まあ、無難に少し大きめのショッピングモールでぶらぶら買い物(ついでに女性陣の買い物に付き合って機嫌を良くしてもらおうという、俺と高橋の男ふたりによる作戦)をして、夜になったら満を持して居酒屋に流れ込むスケジュールに落ち着いた。
俺と佐伯さんが会社では隠れて付き合っているという事情もあり、他の社員に見つからないよう、あえて少し離れた郊外のショッピングモールを選ぶことにする。
俺が自分の車を出して、まずは高橋を迎えに行き、その後に佐伯さん姉妹を乗せる予定。
ナビに従って高橋のマンションの前に車を寄せると、あいつはまるで面接を控えた就活生のようなガチガチに緊張した雰囲気でポツンと突っ立っていた。
その様子があまりに可笑しくて、俺は車内から思わず笑ってしまう。カチリとロックを解除し、助手席にドアを開けて乗り込んできた高橋に笑いかけた。

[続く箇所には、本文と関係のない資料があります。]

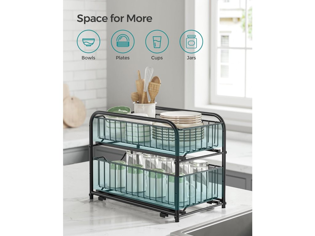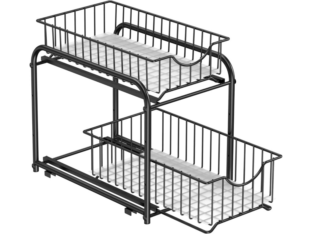 Organizér do skříněk, dvoupatrový organizér pod umyvadlo s posuvnými zásuvkami, stohovatelný organizér do skříňky pro kuchyň, koupelnu, klasická černá.

「お前……いくら何でも緊張し過ぎだろ。職場でのいつもの『完璧な俺様』は一体どこへ置いてきたんだよ〜」
「うるっせえな……!! こんなガチのやつ、本当に何年ぶりか分からないから無駄にドキドキすんだよ!
こんなオッサンになってまで心臓バクバク言わせてんの!!
なんだよ、悪かったな、気持ち悪いかよ……!」
高橋は耳まで真っ赤にしながら、完全に子供のように拗ねた調子で窓の外へと顔を背けた。
仕事でも私生活でも常に飄々として大人の余裕を崩さない高橋の、こんな初々しい姿を見るのは、それこそ学生時代以来、十何年ぶりか分からない。狼狽える悪友の姿を見ているこっちまで、何だか胸が弾むような楽しい気分になってくる。
「気持ち悪くなんかないさぁ〜。もうお前が可愛すぎて、今すぐこのシートベルト越しに抱き締めたいくらいだよ、アハハ!」
「おいやめろ、前見て運転しろ!」
そんなくだらない掛け合いをしながらアクセルを踏み込み、車を発進させると、隣から高橋のフッと小さく緊張の解けたような笑う音が聞こえた。
本当の俺の理想としては、助手席に大好きな佐伯さんに座ってもらい、後ろのシートに高橋とあさひを並んで座らせてデートの空間を作りたかったのだ。
だが、あさひの方が「そんなの恥ずかしすぎて絶対に無理!」と電話口で猛拒否したため、結果として高橋が助手席、後ろのシートを佐伯さん姉妹が占領するという、男二人旅のようなフロントのフォーメーションになったのだった。
車は夏の青空の下、佐伯姉妹の待つマンションへと向かって滑らかに走る。
その道すがら、隣の高橋は信号で止まるたびに何度も深く深呼吸をして、必死に自分を落ち着かせようと胸に手を当てていた。
いくら背丈の大きい大柄な高橋であっても、今のあいつは、恋に怯える小さな少年のように可愛らしくしか見えなかった。